Background: Tools for the evaluation, improvement and promotion of the teaching excellence of faculty remain elusive in residency settings. This study investigates (i) the reliability and validity of the data yielded by using two new instruments for evaluating the teaching qualities of medical faculty, (ii) the instruments' potential for differentiating between faculty, and (iii) the number of residents' evaluations needed per faculty to reliably use the instruments.
Methods and materials: Multicenter cross-sectional survey among 546 residents and 629 medical faculty representing 29 medical (non-surgical) specialty training programs in The Netherlands. Two instruments--one completed by residents and one by faculty--for measuring teaching qualities of faculty were developed. Statistical analyses included factor analysis, reliability and validity exploration using standard psychometric methods, calculation of the numbers of residents' evaluations needed per faculty to achieve reliable assessments and variance components and threshold analyses.

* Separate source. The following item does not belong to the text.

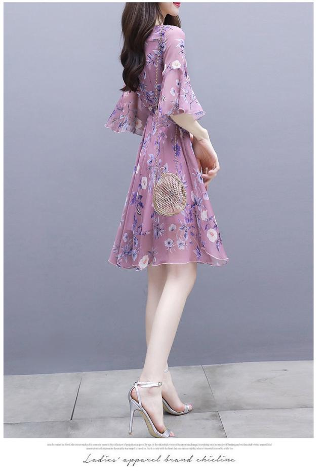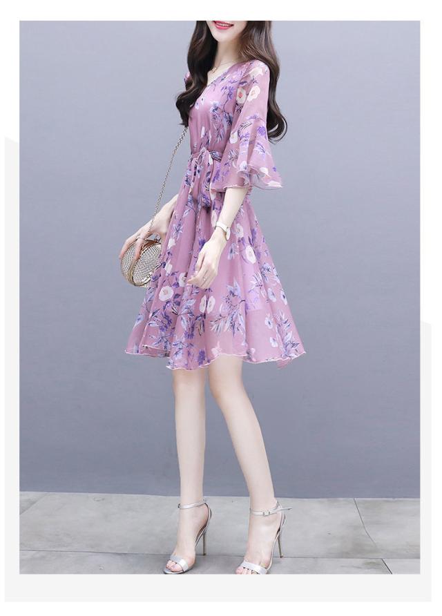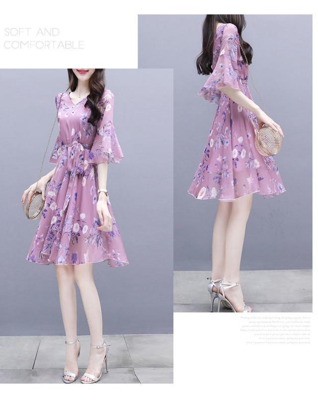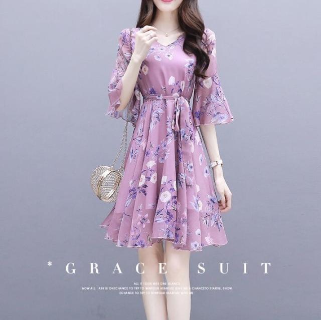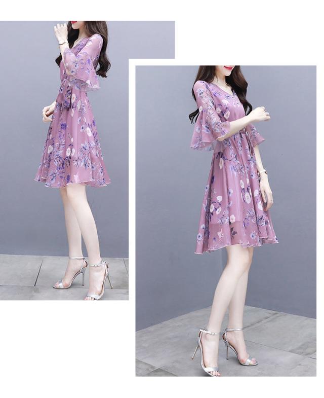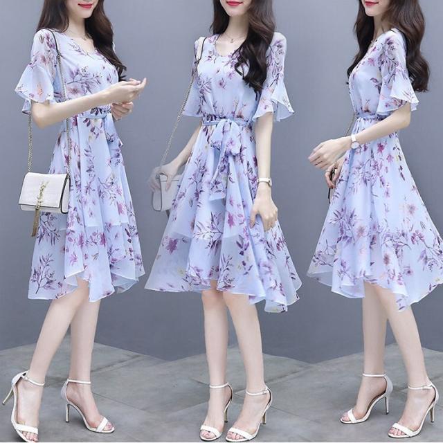 ワンピース デート フレアワンピース ワンピドレス ひざ丈 膝上 袖あり 7分袖 七分袖 ボリューム袖 フレアスリーブ Vネック 襟なし フレア シフォン フリル リボン ベルト ウエストマーク ウエストリボン 透け感 薄手 かわいい きれいめ 上品 おしゃれ お洒落 キュート ガーリー エレガント 主役級 花柄 小花柄 フラワー 春 夏 秋 デート お出かけ パーティー イベント 韓国 モテ S M L XL 2XL 3XL 大きいサイズ 青 ブルー ピンク 水色 パステルカラー 春カラー

Results: A total of 403 (73.8%) residents completed 3575 evaluations of 570 medical faculty while 494 (78.5%) faculty self-evaluated. In both instruments five composite-scales of faculty teaching qualities were detected with high internal consistency and reliability: learning climate (Cronbach's alpha of 0.85 for residents' instrument, 0.71 for self-evaluation instrument, professional attitude and behavior (0.84/0.75), communication of goals (0.90/0.84), evaluation of residents (0.91/0.81), and feedback (0.91/0.85). Faculty tended to evaluate themselves higher than did the residents. Up to a third of the total variance in various teaching qualities can be attributed to between-faculty differences. Some seven residents' evaluations per faculty are needed for assessments to attain a reliability level of 0.90.
Conclusions: The instruments for evaluating teaching qualities of medical faculty appear to yield reliable and valid data. They are feasible for use in medical residencies, can detect between-faculty differences and supply potentially useful information for improving graduate medical education.